Crash and Burn PDF Print E-mail
Written by Henry Miles   
Monday, 22 February 2010 06:06


‘Middle Class’ Loser Ends His Life the Way He Lived It

AUSTIN, Tx., Feb. 21 — Much has been made in the last few days about the suicide bombing of the Austin federal building by Andrew Joseph “Joe” Stack. What hasn’t been made by the pundits, politicians and even some leftists, however, is much sense.

On one side are most politicians and most of the corporate media. They have denounced Stack’s actions and his long, rambling “manifesto” as “insane” and “disturbed.” They have latched on to his comments about the IRS being “Big Brother” as evidence that he was “crazy” and “paranoid.”

On the other side are some rightwing politicians, Fox News, the Tea Party Nativists, Ron Paul’s libertarian fascists and the assorted reactionary “patriots.” They, too, have latched on to Stack’s ranting about the IRS and the “sleazy government.” But where the rest of the corporatist structure has put a minus, these elements are putting a plus, calling him a “hero” and a “martyr” to “the cause.”

What that “cause” is, they won’t say.

Holding the “left” flank of this reactionary assortment are some self-described socialist and communists, who themselves have latched on to the desperation that oozes through Stack’s “manifesto” and have shamelessly attempted to make it their own.

Some of these elements even try to pass off Stack’s rationale for getting in his private plane and ramming it into a federal building, killing one and injuring dozens of government workers, as something that “identified himself ... with the working population and recognized a common enemy in the capitalist state and the giant corporations.”

Baloney! If Stack’s “manifesto” did anything, it showed that the last people he sought to “identify himself with” were working people. Indeed, Stack’s entire life was led with the goal of lying, cheating and stealing his way to success, and getting as far away from the working class as humanly possible.

Stack’s preferred method was to ... not pay the taxes the IRS said he needed to pay.

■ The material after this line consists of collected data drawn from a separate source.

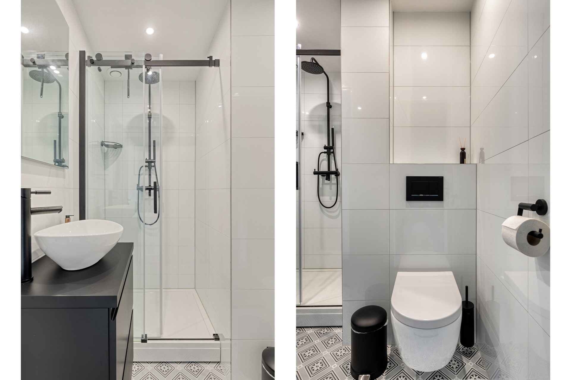 De hal geeft ook toegang tot de badkamer, welke modern en volledig betegeld is. De badkamer is voorzien van een douchecabine, wastafelmeubel met waskom en een hangend toilet.
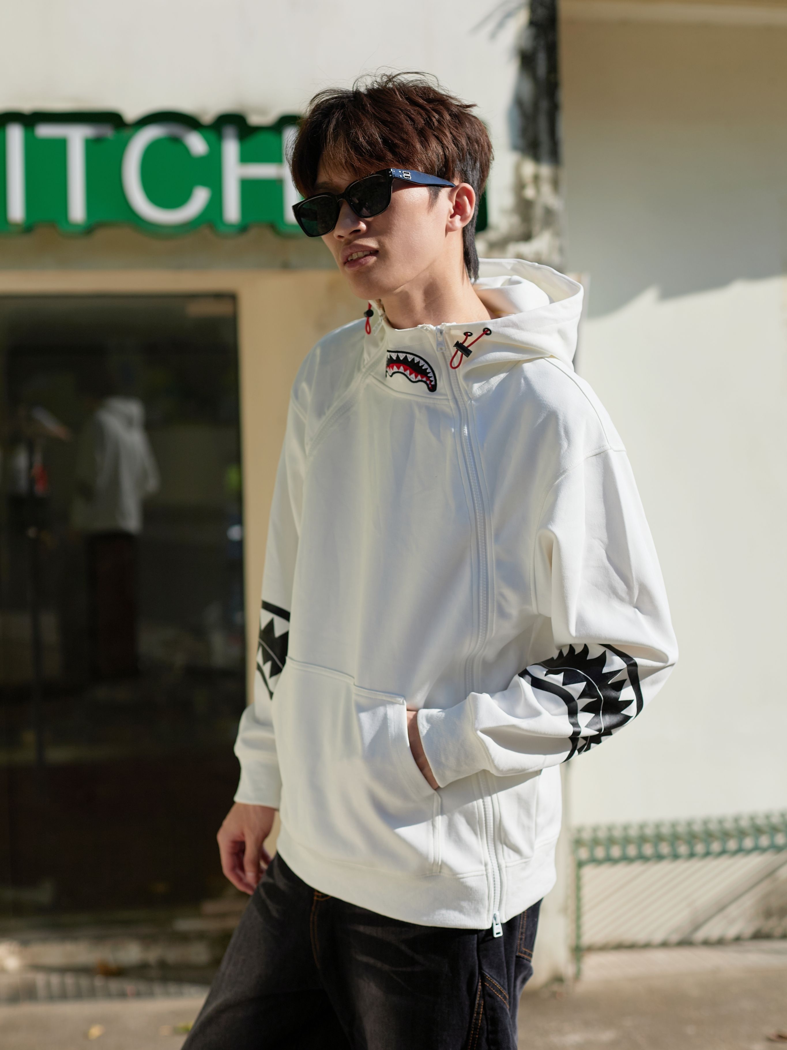 晒出我的日常通勤SPRAYGROUND这件白色连帽卫衣 标志性鲨鱼嘴图案自带潮流辨识度 质感拉满 连帽设计挡风又显脸小🕰 大口袋揣手机钥匙很实用 我配深色阔腿牛仔裤+球鞋 妥妥的学院风🎙 上课、逛街百搭不踩雷 日常穿舒适又吸睛 喜欢简约潮酷风的可以试试哦!
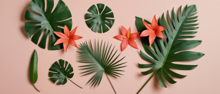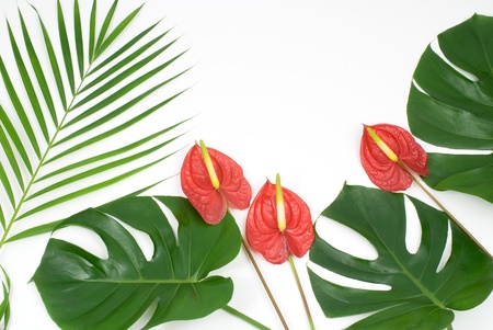 A flatlay image showcasing a frame of vibrant green tropical leaves and red orange flowers against a white backdrop.
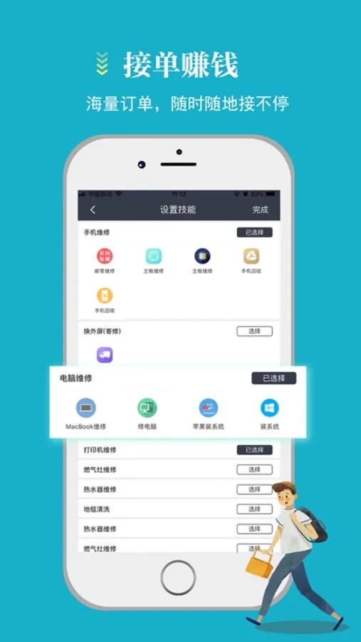 精准线索:根据技能匹配相应的服务线索,一键抢单,直接跟用户沟通达成交易。
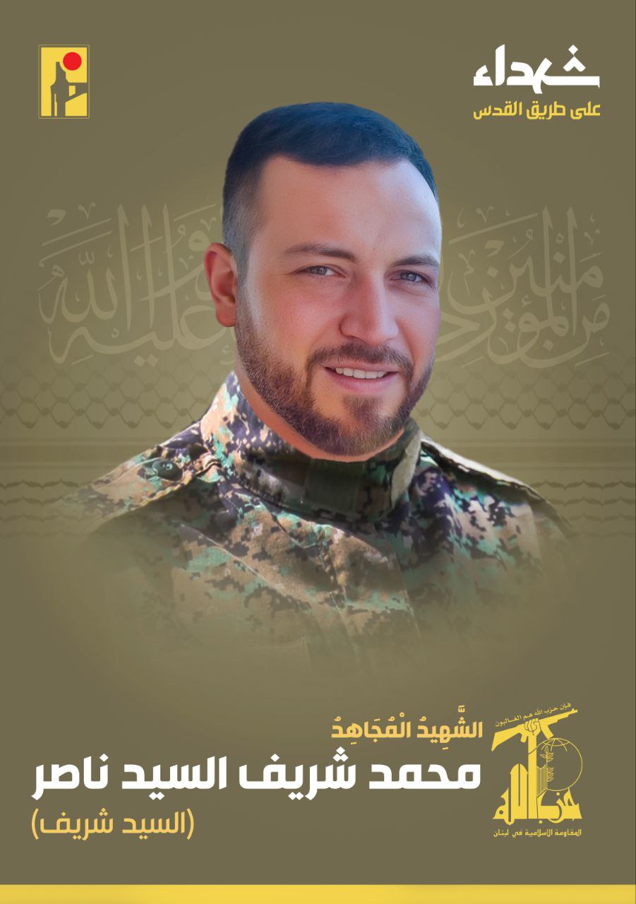 "بمزيد من الفخر والإعتزاز، تزف المقاومة الإسلامية الشهيد المجاهد محمد شريف السيد ناصر "السيد شريف" من بلدة حي الفيكاني في البقاع، والذي ارتقى شهيداً على طريق القدس".
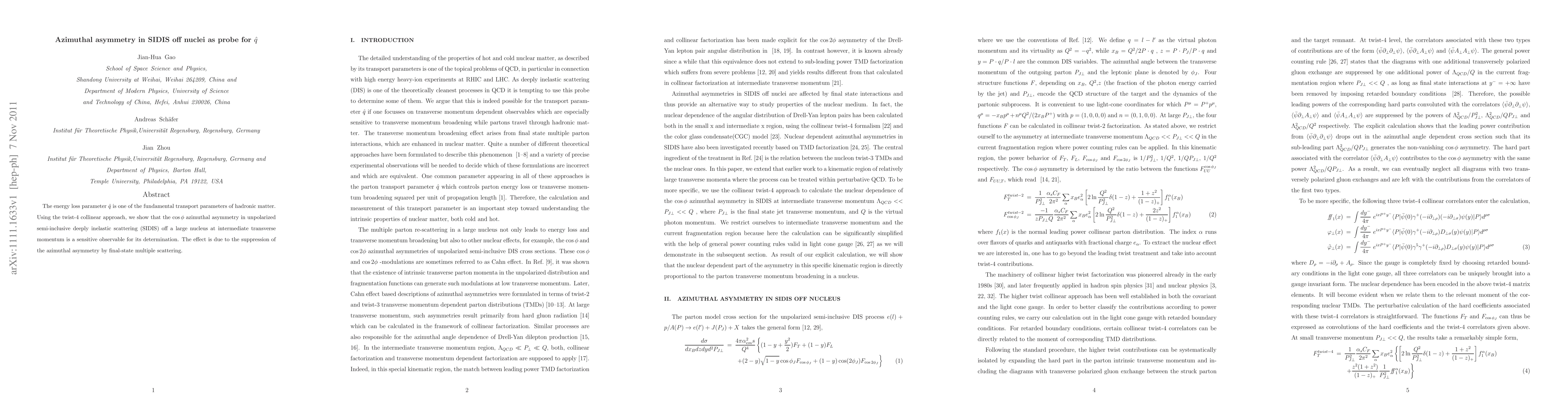 This paper demonstrates that the $\cos \phi$ azimuthal asymmetry in unpolarized semi-inclusive deeply inelastic scattering (SIDIS) off large nuclei can serve as a probe for the energy loss parameter $\hat q$ in hadronic matter, utilizing a twist-4 collinear approach to highlight the suppression effect due to final-state multiple scattering.
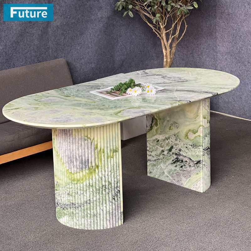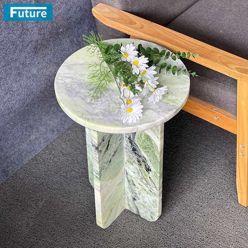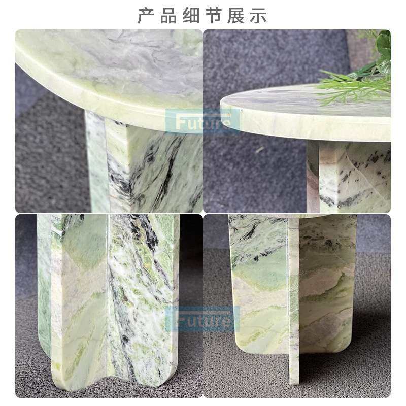 天然大理石绿色边几 简约轻奢自然角桌餐桌防水酒店家具来图制作

Stack sought to set himself up as a one-man business, an independent professional contracting with companies and making big money. But because he had to contract through a third-party agency (like Manpower or Kelly Services), he was treated as ... a temporary worker when it came to tax time.

And every time Stack tried to get around the tax code, or sought to hide “unreported income” or declare it to not be “tax-related ... transactions,” he got busted by the IRS.

So, after failing to make it into the big leagues as an independent professional and small business owner (and, in the process, getting nailed by the IRS for tax evasion) not once, not twice, but three times, Stack, fearful that his multiple failures may mean he has to become working class, decided to end his life as he lived it: crashing and burning.

Stack represents a growing layer of “middle class” professionals, managers and small business owners becoming increasingly fearful that the economic and political crises convulsing corporatist capitalism over the last decade are going to ruin them and their chances at becoming wealthier or more successful. And, increasingly, they are willing to turn more and more to the use of force and violence to assert their opinion and power.

When “middle class” elements begin to lose hope in the “change” and reforms promised them by the exploiting and oppressing classes, when they begin to feel that their ruin is all that lies ahead for them, they are prone to fits of fear, anger, rage ... and violence. Stack’s admonition that “violence not only is the answer, it is the only answer” echoes a growing view among the “middle class” — as evidenced by Tea Party Nativists showing up at their protests with automatic weapons.

And a central part of that fear is the misplaced belief that they will be forced to leave their “middle class” lives (and dreams) behind, and become part of the working class.

Today, these “independent” sections of the “middle class”  despise the capitalists and those sections of their own class that do the bosses’ bidding (politicians, bureaucrats, officials, etc.). But they both despise and fear the working class — not because the working class is ready to make a revolution in its own name and put them to work, but because the working class has yet to organize and fight for its own class interests, and thus continues to absorb attack after attack silently.

Because of this, “middle class” losers like Stack, who are ready and willing to turn to terrorism and violence to get the “justice” they think they deserve, are increasingly looking to the Nativists and other trends of fascism to “save” them from their ruin.

Such elements need to be neutralized and scattered before they are allowed to coalesce into a political movement that can challenge the existing parties of capitalism. Only the working class can do that job.